The survey also found that 66% of CEOs believe the impact of AI replacing humans in the workforce will be counterbalanced by new roles and career opportunities that the technology creates.

"CEO concerns about the unintended consequences of AI reflect a broader confluence of – sometimes dystopian - views in media, society, and contemporary culture,” comments Andrea Guerzoni, EY Global Vice Chair – Strategy and Transactions. “They see a role for business leaders to address these fears – an opportunity to engage on the ethical implications of AI and how its use could impact key areas of our lives, such as privacy.”

Ensuring the safe development of AI products

As Eduardo Azanza, CEO at Veridas, explains, with the rapid adoption of AI technology, ensuring that it is responsibly and ethically used by businesses is essential.

Highlighting this, earlier this year the World Ethical Data Foundation released a framework for developing AI products safely - hoping to tackle some of these challenges.

“For newer forms of AI to be successful in the long term, there needs to be trust from customers and the wider public,” commented Azanza. “Organisations looking to implement AI should strongly consider following the framework released by the World Ethical Data Foundation, or the ones released by NIST and the NCSC.

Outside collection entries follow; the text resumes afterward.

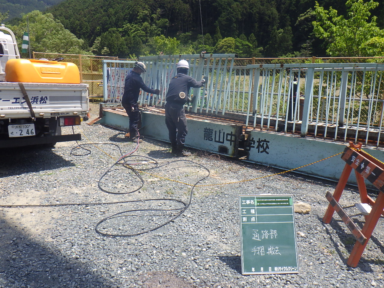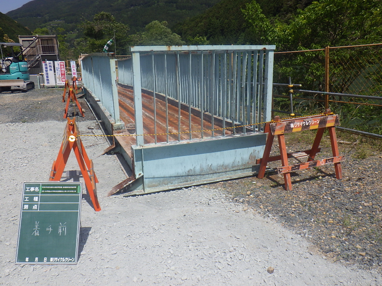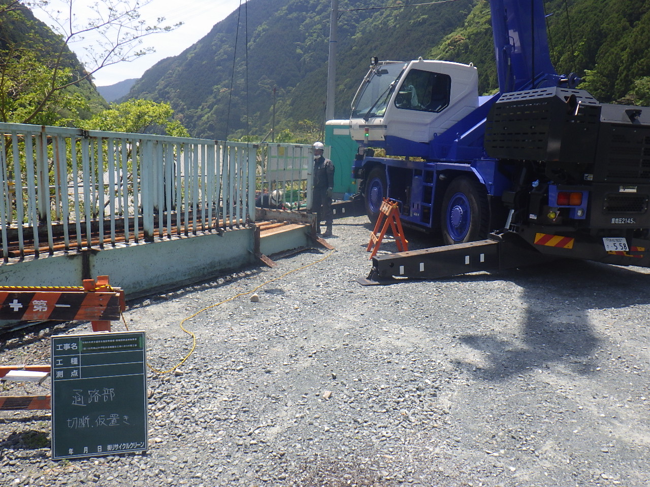 浜松市天竜区瀬尻にて撤去を行った歩道橋を運び出しができる大きさに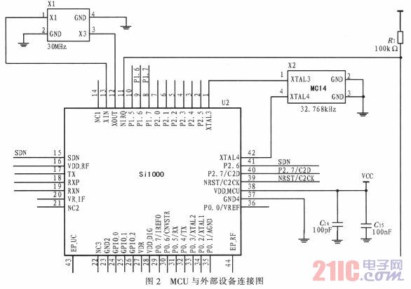 MCU與外部設(shè)備的連接圖如圖2所示。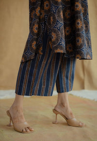 Pink Hand Block Print Slub Cotton Straight Pant.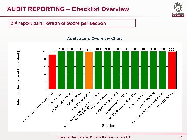 AUDIT REPORTING – Checklist Overview 2 nd report part : Graph of Score per section Audit Score Overview Chart Bureau Veritas Consumer Products Services - June 2008 27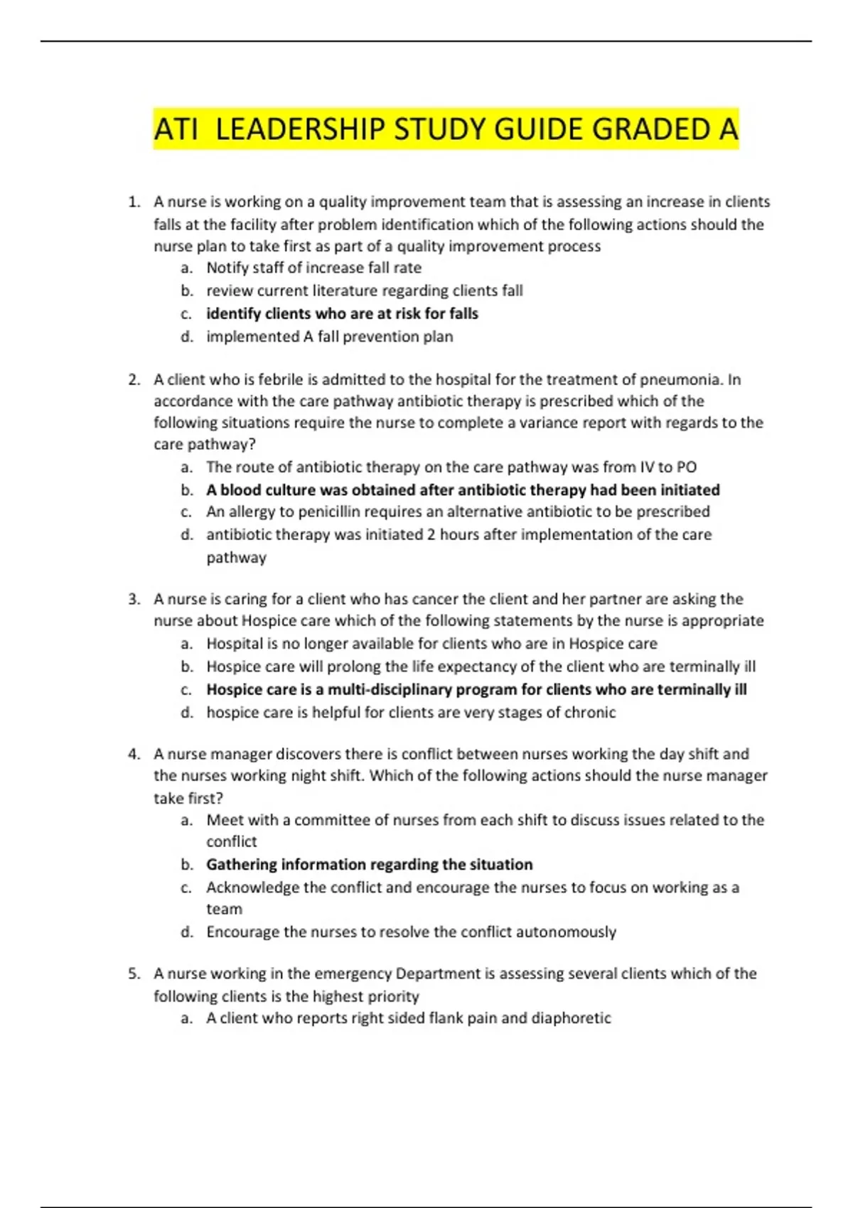 ATI LEADERSHIP STUDY GUIDE GRADED A.ATI LEADERSHIP STUDY GUIDE GRADED A.

“AI technology should always be based on transparency and compliance, not only with legal and technical standards but also with the highest ethical values. As AI continues to see exponential growth, it is extremely important that organisations rigorously audit and document the risk analysis of their systems.

“Ensuring that technologies comply with stringent privacy standards and frameworks not only keeps the business itself secure but also gains the trust of customers, knowing that AI is used ethically and responsibly.”

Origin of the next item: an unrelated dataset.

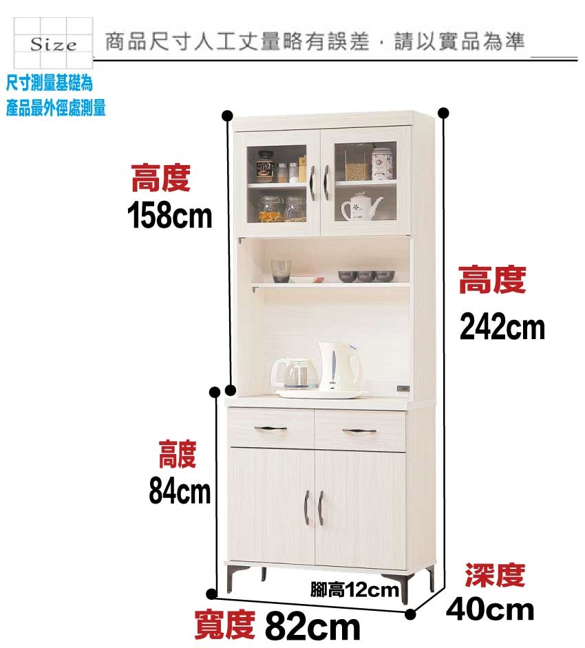 - ◆產品名稱:【綠家居】安特淺橡2.7尺四門二抽高餐櫃組合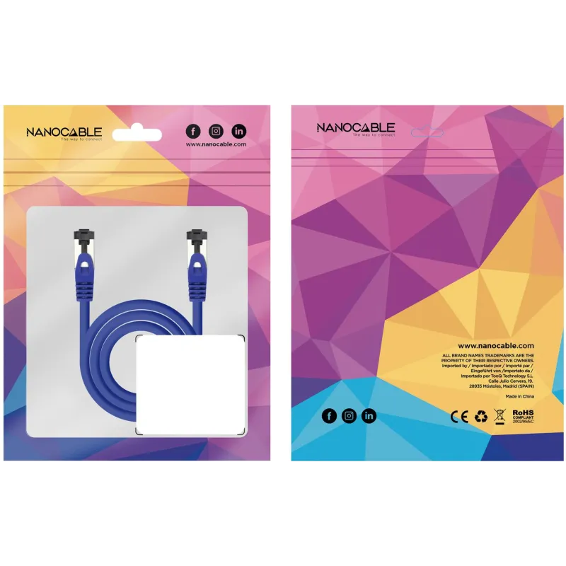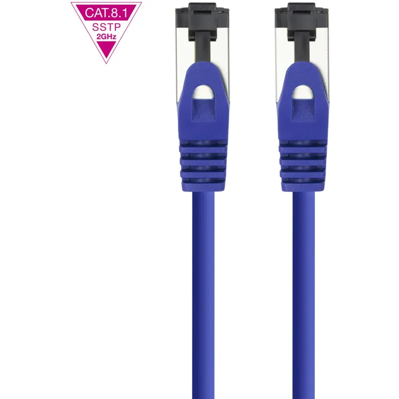 Cable de red Nanocable 10.20.2001-BL con conectores RJ-45 macho, cable Cat8.1, velocidad 40000 Mbit/s y blindaje S/FTP, color azul, 1 metro

A lack of diversity in tech

Without human intervention, AI could be reinforcing some damaging societal bias. “People are biased – mostly in an unconscious way – so it is possible that, without a careful methodology, such biases are embedded in both the data and in any other developer’s decisions in building an AI system,” Francesca Rossi, IBM Fellow and AI Ethics Global Leader, told us earlier this year.

On this topic, in a fireside chat at this year’s Tech LIVE Virtual London, Nayur Khan, Partner at QuantumBlack, discussed a range of topics around ethical AI: from the biggest ethical challenges around AI and how they should be managed to the need for diversity when it comes to building AI.

“There is a lack of diversity in tech generally,” he said. “22% of tech roles across Europe are women. In the US, less than 5% of software developers are black. There's a problem there. 

“Yes, we can do advanced maths and yes, we can create these new checks and guardrails. However, there is a lack of diversity. So if you're building AI, the first question I'd ask is, are you building something that's going to impact people's lives?

“Do you have a team in place that is representative of the AI that you're building that's going to be used by individuals? 

“Generally, we talk about this a lot. There is a lot of diverse talent out there and that has benefits from an economic point of view, but from an AI point of view what makes it even more important is that you're bringing those different perspectives into the discussion.”